Ipatinga festeja 52 anos

Mesmo com muitos problemas, cidade ainda pulsa com boas perspectivas


O município de Ipatinga comemora nesta sexta-feira, 29 de abril, seus 52 anos de emancipação administrativa e política. Dos índios Botocudos que habitavam a região à inauguração da Estrada de Ferro Vitória a Minas, da criação do Grupo de Congado do Ipaneminha à inauguração da Usiminas, das ruas de terra onde se matavam porcos à emancipação, em 29 de abril de 1964, a cidade viveu momentos de glória e fastio.

Daí surgiu um povo orgulhoso de sua capacidade desenvolvimentista. Os que vieram de fora para voltar se arraigaram, criaram família e raízes, e aos poucos, foram transformando Ipatinga em uma cidade voltada para o futuro, com uma malha viária invejável, um amplo sistema hoteleiro, um sistema educacional abrangente.

Os tempos atuais são de cintos apertados, exigem medidas drásticas e adaptações, mas o potencial não se perdeu, lateja, indica boas perspectivas de futuro, bastando fazer ajustes acreditar.

História

Por volta de 1930, a Estação Ferroviária "Pedra Mole", nas proximidades do local que viria a ser o Bairro Cariru, foi transferida após sucessivas tentativas de transposição da foz do Ribeirão Ipanema. O trajeto da Ferrovia Vitória-Minas, que margeava o Rio Piracicaba desde 1922, foi alterado para a Rua Belo Horizonte, no atual Centro.

A nova estação originou um povoado, hoje centro tradicional de Ipatinga, que, junto com a Barra Alegre, foram os primeiros da região. A antiga denominação de Barra Alegre (Água Limpa), repetiu-se na formação da palavra i+pa+tinga, ou "pouso de água limpa"  na língua tupi.
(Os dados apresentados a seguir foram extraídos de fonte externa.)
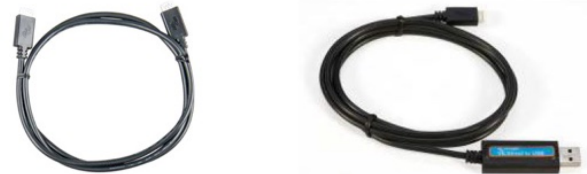
Interface cables - VE.Direct cables to connect a BMV 70x to the Color Control (ASS030530xxx) - VE.Direct to USB interface (ASS030530000) to connect several BMV 70x to a Color Control GX or to a computer.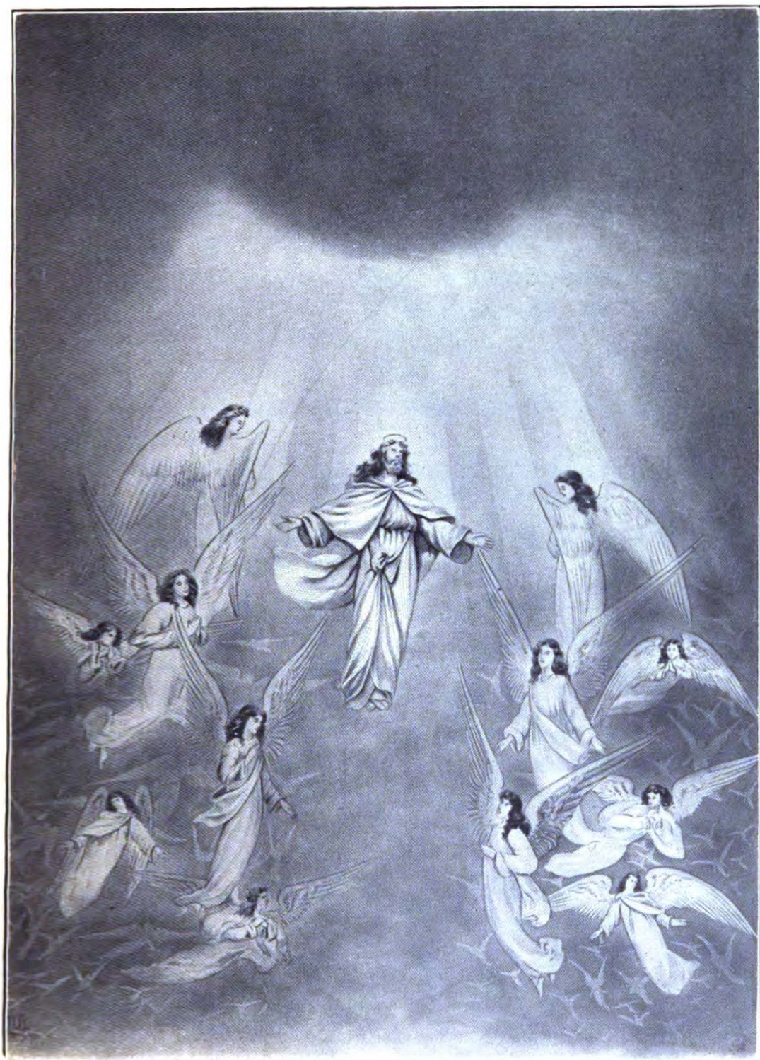
“Christ Ascending to the Shekinah.”—Page 122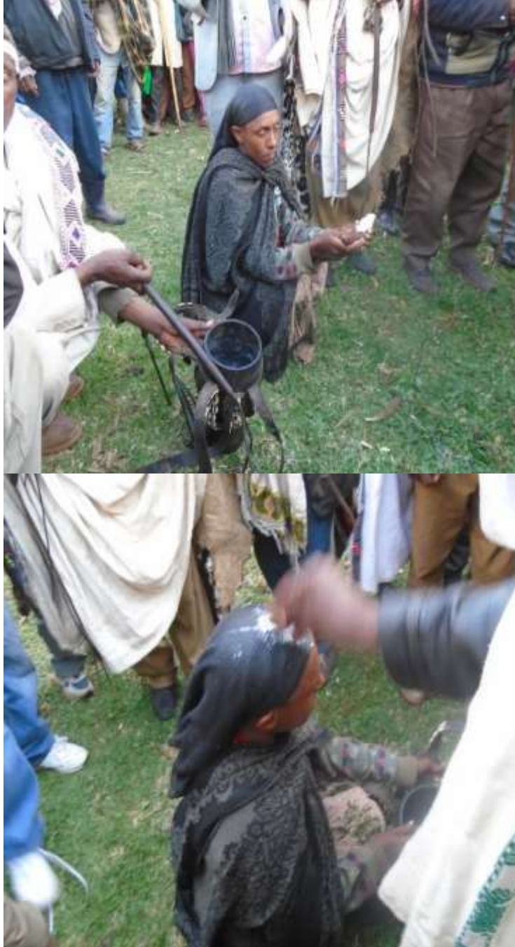
Fig 7: Women participation and their roles

Em 1934, uma comissão da Companhia Belgo Mineira chegou à estação de Ipatinga com a finalidade de explorar a região, visando a produção de carvão vegetal para o abastecimento dos altos-fornos da usina de Monlevade.

Pouco depois foi criada uma escola para atender os filhos dos trabalhadores. Em meados de 1957, Ipatinga limitava-se à pequena estação da estrada de ferro, pouco frequentada e quase desconhecida, e pequeno núcleo populacional.

O povoado foi elevado à categoria de distrito com o nome de Ipatinga pela Lei n.º 1.039, de 12-12-1953, pertencente ao município de Coronel Fabriciano.

O traçado viário de logradouros acanhados, o pontilhão de ferro sobre o Ribeirão Ipanema e Estação Memória na rua Belo Horizonte, antigo leito dos trilhos, juntamente com as lojas da avenida 28 de abril (antes, rua do Comércio), são testemunhos daquele povoado que pertencia ao município de Antônio Dias e, em 1953, tornou-se distrito de Coronel Fabriciano, precursor da Ipatinga Industrial de hoje.